I think a combination of agressive purging and selective resurrection of the Chinese Junk will result in having only the most available proxies show up in the list.

We’ll see what happens with that theory.

It seems my Russian “supplier” is overly fond of Chinese proxies lately.  Since I fixed my code yesterday that seems to be all I get out of him.

Our Russian friend may like them (who knows – he may have grown them), but I’ve never cared for them.  Back when I used to scour the lists by hand, the Chinese proxies never worked (Brazil used to have the same issue, btw).  And with all the recent news about cyberwar and the weaponization of the Internet, you just have to think twice about using anything Chinese (even though your system, a large chunk of the software you run, and your ISP’s network was probably made in China or built with Chinese parts), especially Chinese proxies from a Russin supplier.  The mind boggles.   

However, sometime this year – perhaps it has happened already – China is predicted to have the highest number of users online, so it would seem only natural for them to have the most proxies – or the most hacked systems – on the Net.

But be that as it may, old habits die hard.  I don’t like seeing all those little red flags on Page 1.

So this morning I ran a special recheck on all those allegedly active Chinese proxies.

53% were already dark.

Even with that correction, China still leads the pack in verified, non-CoDeeN proxies.

Thanks to the China Run, The List now has so many Bahrainian proxies in it that it’s starting to get embarrassing.
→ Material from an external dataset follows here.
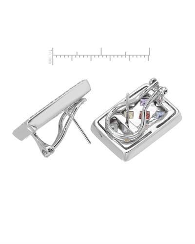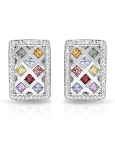 14KT White Gold 2.88ctw Multi Color Sapphire and Diamond Earrings. (16) Multi color sapphires with a total weight of 2.88cts. (92) Round Diamonds with a total weight of 0.85cts with a color of I and clarity of I-1. Total weight of these earrings are 13.57 grams.

As of now there are 16 pages, the first 8 nearly all from Bahrain.

The last time I checked there were 455 live Bahrainian proxies, as well as 1077 dead ones in the “Gold” database alone.

I expect most of them to clear next out week after the ADPE process runs again.

For now I’m going to put the China Run to bed, but it’s obviously the place to harvest proxies from. They are kickin’ ass!